En su programa electoral de 1995 incluyeron una propuesta para soterrar las vías del tren y a partir de entonces se puso en marcha la maquinaria. «El Principado lo llegó a aprobar y hubo un estudio en 1998 que decía que era técnicamente viable, pero murió por el conflicto -del PP- con Sergio Marqués», explica Joaquín Aréstegui, concejal por aquel entonces y presidente del PP avilesino hasta hace un año.
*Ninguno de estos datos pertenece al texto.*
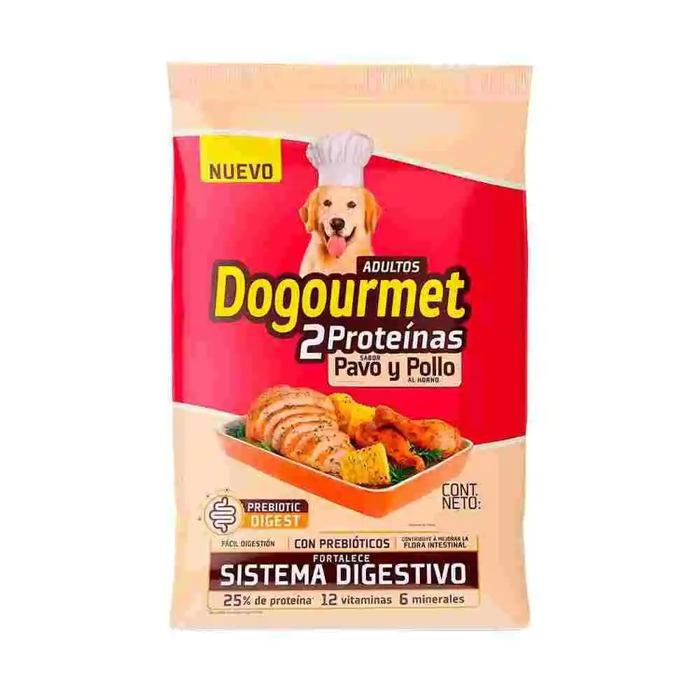 Dogourmet Adulto Pavo y Pollo es un alimento seco, completo y balanceado diseñado para perros adultos de todas las razas, enfocado en brindar nutrición esencial con un sabor apetecible. Su fórmula con doble proteína (pavo y pollo) ayuda a mantener músculos fuertes, ofrece alta palatabilidad, fortalece el sistema inmunológico con vitaminas A y E, y mejora la digestión.Beneficios Principales: Mantenimiento Muscular: Las proteínas de origen animal (pavo y pollo) contribuyen a mantener músculos fuertes y sanos. Sistema Digestivo Saludable: Incluye ingredientes de fácil digestión y, en algunas presentaciones, la tecnología Prebiotic Digest (probióticos) para fortalecer la salud intestinal. Salud Inmunológica y Visual: Enriquecido con vitaminas A y E, las cuales ayudan a fortalecer el sistema de defensa y a mejorar la visión. Energía y Vitalidad: Contiene vitaminas del complejo B que proporcionan energía para la actividad diaria del perro adulto. Huesos y Dientes Fuertes: Fórmula balanceada con calcio y fósforo, crucial para la salud ósea y dental. Alto Sabor: Diseñado con un sabor atractivo a pavo y pollo al horno, ideal para perros exigentes.
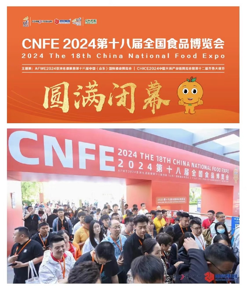 5月12日下午,CNFE2024第十八屆全國(guó)食品博覽會(huì)(以下簡(jiǎn)稱第十八屆全國(guó)食品博覽會(huì))【主題展:AFWE2024亞洲名酒展暨第十八屆中國(guó)(山東)國(guó)際酒業(yè)博覽會(huì)、CHICE2024中國(guó)火鍋產(chǎn)業(yè)鏈博覽會(huì)暨第十二屆齊魯火鍋節(jié)】在山東濟(jì)南·山東國(guó)際會(huì)展中心圓滿閉幕。本屆展會(huì)由法國(guó)高美艾博展覽集團(tuán)、山東省食品工業(yè)協(xié)會(huì)、山東省火鍋餐飲協(xié)...
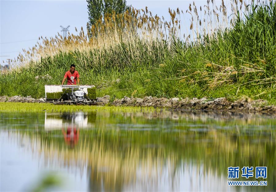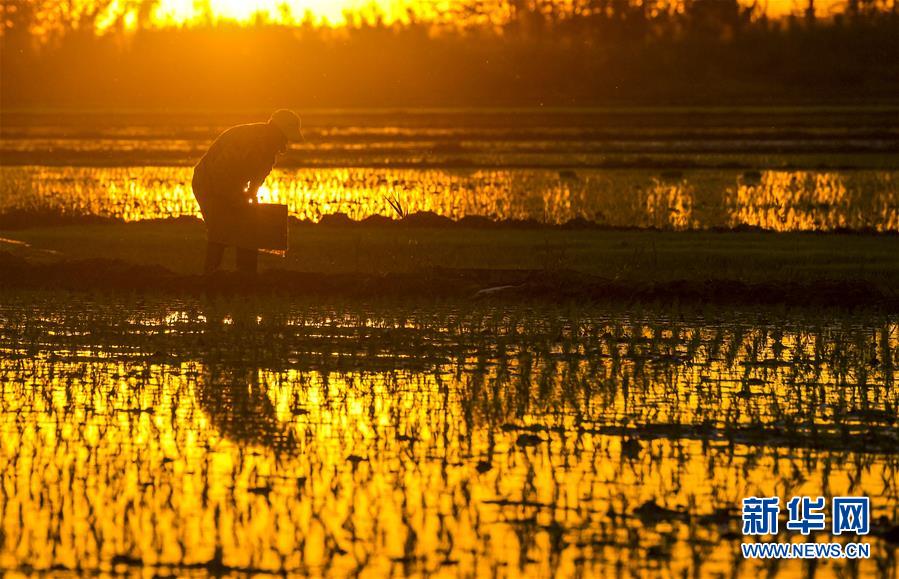 夕陽西下,村民在新疆察布查爾錫伯自治縣種羊場托海依村的一處農(nóng)田里勞動(5月21日攝)。近日,隨著氣溫漸高,地處新疆伊犁河谷的察布查爾錫伯自治縣迎來插秧高峰期,田間地頭一派繁忙景象。塊塊稻田水滿如鏡,田間防護林枝繁葉茂,遠處雪山依稀可見,如一幅在大地上鋪展開的生態(tài)畫卷。新華社記者胡虎虎 攝
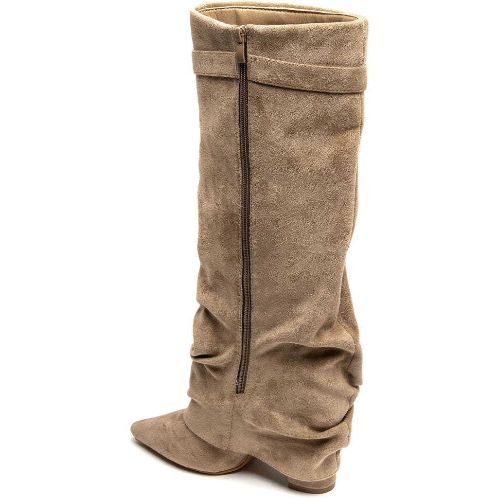 Cool højskaftet støvle med spids snude i imiteret ruskind, perfekt til både hverdag og fest.
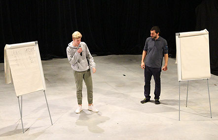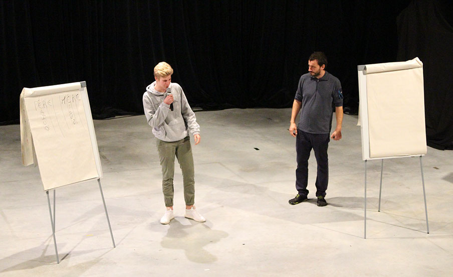 3ième temps: le spectacle proprement dit avec les participants aux maser class, qui peut être mélangé à un autre public adolescent captif. Durée minimum conseillée : 1h30.
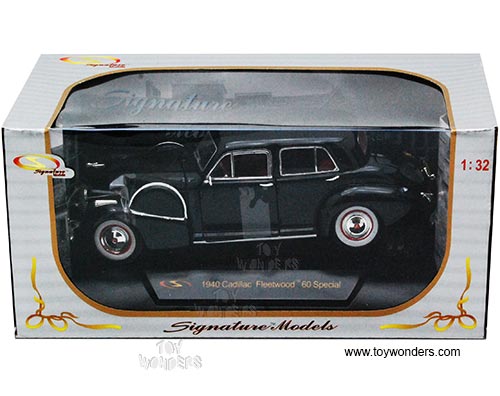 32361BK Signature Models - 1940 Cadillac Fleetwood 60 Special. 1:32 scale diecast collectible model car. This 1940 Cadillac Fleetwood 60 Special is a 6.25"Lx 2.25"Wx 2"H diecast classic oldies with openable hood, doors & trunk. Sits on a display plaque. This Cadillac Fleetwood 60 Special is manufactured by Signature Models. 32361 is in BLACK color. Individually packed in a window box. Box size: 8"L x 4"W x 3.5"H. GM is a trademark of the General Motors Corporation.

Dos elecciones más tarde volvieron a la carga con la misma promesa electoral y un estudio que esta vez llevaba el visto bueno del por entonces ministro de Fomento, Francisco Álvarez Cascos. «Consistía en reurbanizar desde el paso Larrañaga hasta la altura del antiguo San Félix y trasladar la actividad al otro lado de la ría», continúa explicando y añade que entonces tampoco salió adelante porque el cambio de gobierno en Madrid supuso también una nueva forma de afrontar la eliminación de la barrera ferroviaria. El PSOE, que por aquel entonces gobernaba a nivel nacional, autonómico y local, quería integrar las vías en la ciudad y recuperar la fachada portuaria.

Se vuelve a poner toda la maquinaria en marcha y durante los próximos años se llegan a elaborar hasta tres estudios diferentes con cargo al Principado, a pesar de que es una intervención que corresponde al Ministerio de Fomento. «En todos se incluía como posible el soterramiento, pero se descartaba siempre porque decían que era la opción más cara», apunta Aréstegui. En 2006 se anuncia, por primera vez en 10 años, que el Ministerio de Fomento contaría con una partida presupuestaria al año siguiente para este proyecto, poniéndolo realmente en marcha al reservar dinero para realizar un estudio y un proyecto del tratamiento de la barrera ferroviaria en Avilés. Fueron poco más de 1.000 euros, lo único que hasta el momento se ha invertido con la intención de sacar las vías de la ciudad, sin contar unos convoyes especiales que se compraron y revendieron posteriormente al no verse perspectivas de llegar a usarlos en la ciudad. El documento, presentado en 2011 por el secretario de Estado de Planificación e Infraestructuras del Ministerio de Fomento, Víctor Morlán, incluía una variante ferroviaria cuyo trazado discurría prácticamente paralelo a la N-632, movía la estación hasta el antiguo matadero y habilitaba un tren-tram para el tramo urbano. Meses después volvió a cambiar el color del gobierno en Madrid y el equipo de Mariano Rajoy dijo «que era imposible por cuestiones de seguridad y porque el tren-tram tenía que ir a velocidad de maniobras para llegar hasta las fábricas y eso es inviable», asegura Rodríguez Maniega.

La alta velocidad

«En cuatro años no ha habido ningún avance porque con el gobierno del PP ni siquiera se habló», apunta Fernández Huerga, que critica a los populares por haber parado el proyecto de la época de Zapatero con el estudio de impacto ambiental. Y cuando desde Madrid se daba por parado el proyecto para eliminar la barrera ferroviaria en Avilés Fomento se acordó de la ciudad con un plan que aquí no tuvo gran acogida: la posibilidad de que el AVE llegara a Oviedo, Gijón y Avilés. La ministra del ramo, Ana Pastor, relacionó ambos proyectos cuando el año pasado visitó la ciudad con motivo de la celebración del 125º aniversario de la llegada del tren a la villa y a apenas unos meses de las elecciones del 20 de diciembre. Comprometió una reunión con la alcaldesa, Mariví Monteserín, para hablar del tema, que no llegó a celebrarse. De eso hace 14 meses y desde entonces nada más se supo. Ahora Pastor es la presidenta del Congreso de los Diputados.